The “citizen scientists” are equipped with GPS technology, cameras and plenty of water. They are rewarded with wildlife sightings and scenic river stretches. For many, it is an annual event and a labor of love for a threatened desert river that is almost unmatched on the continent for its importance to migratory birds and wildlife.

Group Effort

Dozens of partners coordinate this massive effort that covers more than 300 miles of main stem and tributaries within the San Pedro River Basin. Partners include: The Nature Conservancy, Bureau of Land Management, National Park Service, Arizona Game and Fish, Community Watershed Alliance of Benson, Cascabel volunteers, and Mexican partners and landowners among others, and many local volunteers.

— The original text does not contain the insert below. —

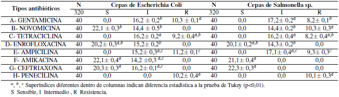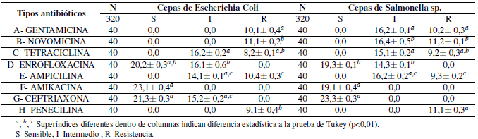 La Escherichia coli y Salmonella spp. aisladas de muestras de heces de crías de alpacas sin enteropatías diarreicas presentaron diferencias significativas (p<0,01) de resistencia antibiótica frente a Gentamicina, Tetraciclina, Ampicilina, Penicilina y Novomicina, y fueron sensibles a Novomicina, Enrofloxacina, Amikacina y Ceftriaxona (Tabla 3).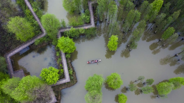 杭州市臨安区青山湖国家森林公園で15日、作業員が船で湖を巡回した(ドローンで撮影)。

The effort, now in its eighteenth year, extended from San Pedro River headwater streams in Mexico to its confluence with the Gila River near Winkelman, tributaries of the San Pedro including the Babocomari River, Aravaipa Creek, Hot Springs Canyon and many other smaller tributaries.

Water Snapshot

Annual mapping of where there is surface water – conducted during the hottest part of the year – helps determine over the long-term where to focus conservation projects. It provides a snapshot of conditions along the entire river at the same date each year, allowing comparisons of year-to-year variability. In 2016, 38 percent of the river had surface water.

Maps of past wet-dry mapping are available at azconservation.org.

As we move into the 18th year of determining where water is present on the river, science shows that our conservation actions are having a positive impact. The mapping information, along with USGS research, has helped the Conservancy, Cochise County, Cities of Sierra Vista and Bisbee, and the Hereford Natural Resources Conservation District, with input from Fort Huachuca, design an innovative regional recharge effort designed to collect local water sources and put it back in the ground, replenishing the aquifer that supports river flows.